Here’s my the start of my long term 2nd Generation Hayabusa review (2008 onwards) . It’s been awhile since I have had to write up a Hayabusa review and it feels odd yet familiar! Ride report, review and comparison to the original Hayabusa to follow since my new 2008 Hayabusa is still being run in. This is the stationary experience see the following pages for the first ride report.

Overall the new Hayabusa does not look all that different from the last model. It certainly does not have the wow factor like the original. Side by side the original model is definitely a classic. It’s lines are simple and pure. The original designers didn’t really care how it looked to the public all that mattered was that its shape was aerodynamic enough to break 300kph.

The 2008 model’s lines are fussy in comparison to the original and the decals likewise. Of note the crescent/pod like front indicators. Perhaps its the conservative colour scheme detracts from the physical design. The filigree design like the foot pegs, especially the rear set are an interesting touch but does not present the image of speed like the original’s aero wing like extensions.

The rear end in the flesh is not as weird as the photos suggest. When viewed as a whole it actually works. Side by side the original’s rear design is honestly odd by comparison. That didn’t occur to me until I saw the two treatments. The bulges on the rear and front that house the indicators are not part of the main fairing but are actually pods that can be removed. They are put together very well so they look like they are all one piece. This would also explain reports that this model was going to have an adaptive fairing.

What is actually really odd is the design of the pipes, in particular chrome ends on the exhaust pipes. I commend the redesign of the pipes themselves purely because its different. Nevertheless the black coating looks OK (which you can still see the stainless steel braiding) if you take into account that its the same colour as the frame. Thanks to noise legislation I can understand why the new Hayabusa’s cans  are huge but still…

I am not completely happy with the new Hayabusa instrument panel design. Yes it’s all new and yes it shows more things and yes green, yellow, red and blue warning lights, graphics but the raised bezels and flat plastic windows looks cheaper than the original. The Hayabusa is a top range motorcycle and it should have a bespoke instrument panel. After all the original had one that was classier than the rest…

More to the point it has whole lot more functions than the original. Almost all useful! New for ’08 is dash light brightness control, a gear indicator, a power mode indicator, a programmable rev ‘limit’ light and 2 trip meters. So they seem to have catered for the drag racers, track day riders and the tourers! The only thing I wished they included was a outside temperature gauge. *Update it is missing the fuel computer! I really like that feature on the original.

Here’s a close up of the power mode switch. Not much to look at but its effect is noticeable. 3 different power modes which makes the Hayabusa suitable for even the less experienced? According to the manual the power modes make significant differences – BUT I have only used the A mode so far.
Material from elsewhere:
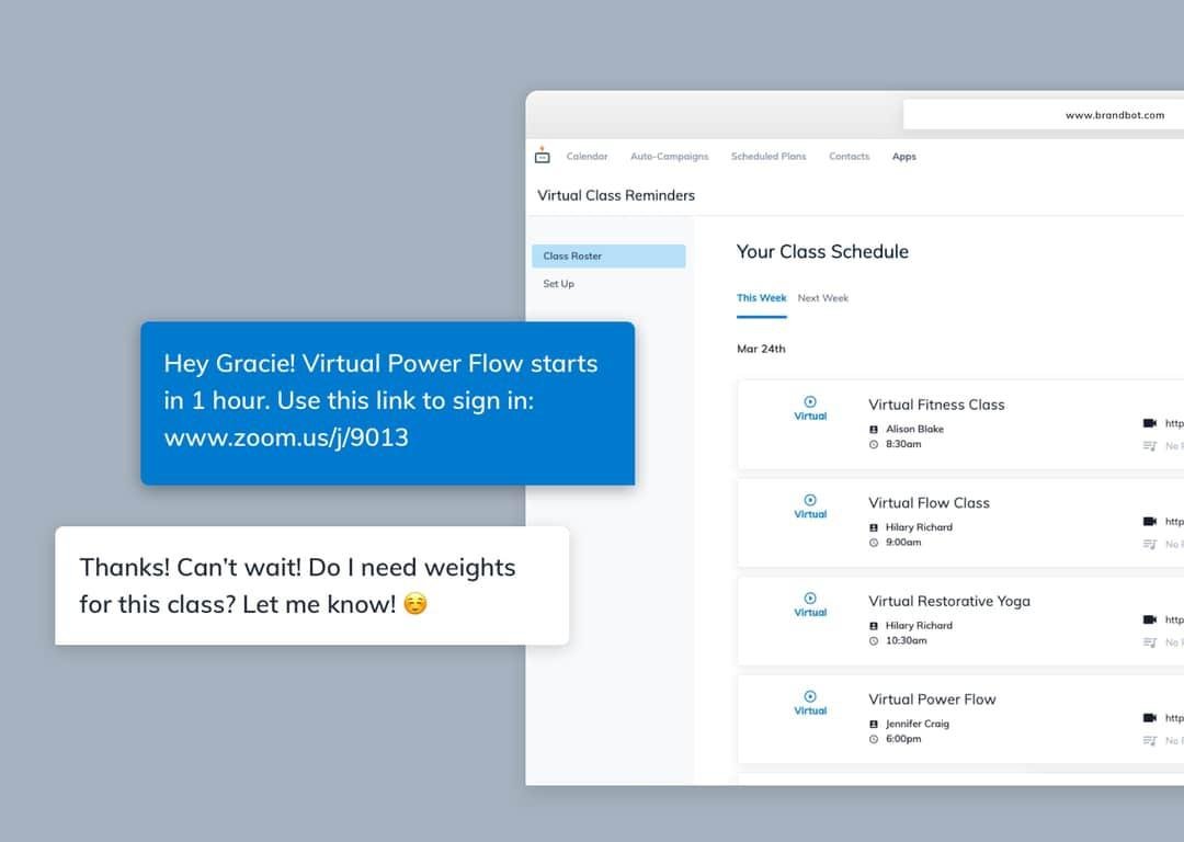 Organize all of your classes and live streaming links to power automated texts and emails to your customers when they sign up and before class. The All-In-One Customer Communication Hub. Guide, convert, retain and delight more customers by reaching out to them when it matters most. BrandBot gives you the tools to build growth through deeper relationships, making every time you reach out easier and more personal. Get the most out of MINDBODY or Pike13 from our 15+ out of the box data integrations that allow you to segment your contacts in more than 650 different ways. Now targeting the right customers has never been easier. BrandBot gives you and your team the ability to reach your customers when it matters most. We understand that sometimes that means an automated follow up series based on behavior or an event email sent next Tuesday.

Quality of the plastics is the similar to the original but the garnish panels on the side of the dash appear less sturdy? Back to the dash plastics, the new Hayabusa has a 4 piece dashboard surround whereas the original had only 2. I prefer the original Hayabusa – only because the textured original it looks better.

Paint work on me new one is nice and glossy – more so than the original. Less attractive where the decals which did I feel adds to its appearance. Since the decals extend to the fuel tank and is covered by the clear coat it will be hard to change graphics colors or remove them all together. (I have a Blue one)

The rear hump is smaller the the original and so is the rear seat pad. They have now included body colored passenger grab rail as opposed to the grey originals. The hump is not as obvious as the original Hayabusa. Also of note was the rear view mirrors. They are the same as the original!

Ride position is very similar to the original for me others claimed it was more up right. I think its more leant over. The feel was like the original but to me seemed more solid. Engine noise was the familiar Suzuki bag of bolts and the exhaust a more car like than before in the open the engine noise is quieter than the original.

While it looks good so far I am not as impressed with the 2008 Hayabusa as I was with the original which I bought the after the the first showing. The new model is a lovely bike but I wish they had done less physical ‘improvements’. They should have kept the fairing but redesigned the rear end and with the saved funds spent more on the dash board (eg. added a larger LCD panel) and engine.

All that said I did finally buy one!

This picture at the top is the new SAIS key you get when you buy a Hayabusa, much nicer than the old style floppy key! The picture is cut off for security reasons. That’s a Ltd Edition Tomb Raider key chain for those who are curious.

Hoped you like the first part of my new long term review!